If you know me, you’ll know that I tend not to get stressed. This isn’t me trying to sound cool, it’s just how it is, ask my mom. However, this week I experienced intense, suffocating stress and all I can ask is, how the fuck do people live like that? I was on edge for three whole days. I was constantly too hot, my mind couldn’t focus on anything else besides the fact that the universe had fucked me over. My chest was tight and heavy. Heart-burn was a constant. NOTHING was funny. Everyone who was in a good mood near me was instantly hated. It was a horrible way to exist and it was really exhausting. The overthinking alone stopped me from sleeping.
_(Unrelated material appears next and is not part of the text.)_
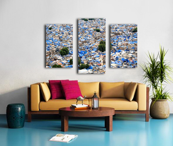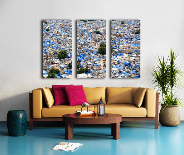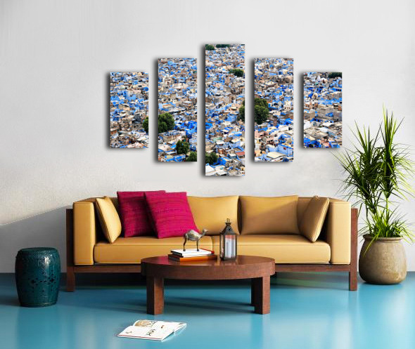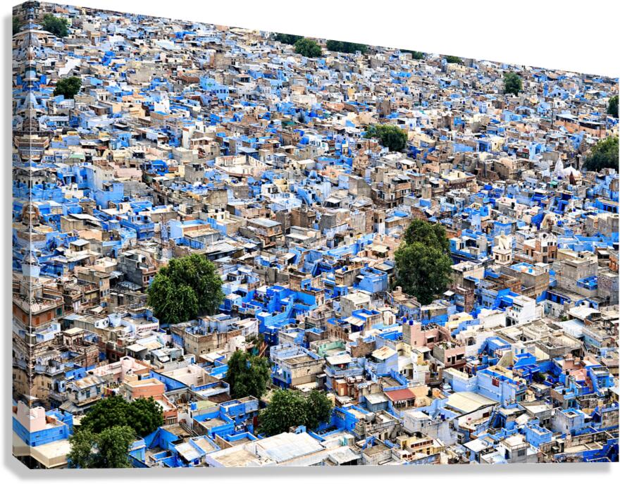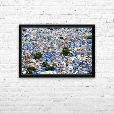 Get this artwork "Cityscape view of blue houses in Jodhpur Rajasthan in India" in a framed print.

The whole experience made me think about over-thinking though (How ironic). Like, the hard-drive had deleted and there was nothing I could do about it, yet I just wallowed in it. I let it swallow me up and I became this stressed, sweaty negative version of myself. I just couldn’t let it go and I kept thinking about how horrible my life was gonna be, and that I’d never catch back up on my work. It was all negative. I did observe something afterwards though. I realised that I have never once, in my whole life, over-thought about something in a positive way, and I doubt you have either.
Overthinking seems to be an exclusively negative activity. It’s always along the lines of ‘this bad thing will happen, and then this even worse thing will happen, and then another bad thing will show up etc.’ It’s never ‘an unreal thing will go down, and then my life will be fucking insanely lit’. It’s easier to say now because I’m no longer at peak stress, but life would be way easier if you were actively able to call yourself on overthinking and just stop.
I had a stressful week. There’s no doubt about it, and I’m sure my one stressful week was probably just an average week for someone else. I’m blessed to say that it was my first ever experience of real stress. Yeah I lost all my writing, but I can just write more. Bad things happen. Acknowledge it. Accept the lesson and move the fuck on. If I could have known that on Tuesday, we’da been flying.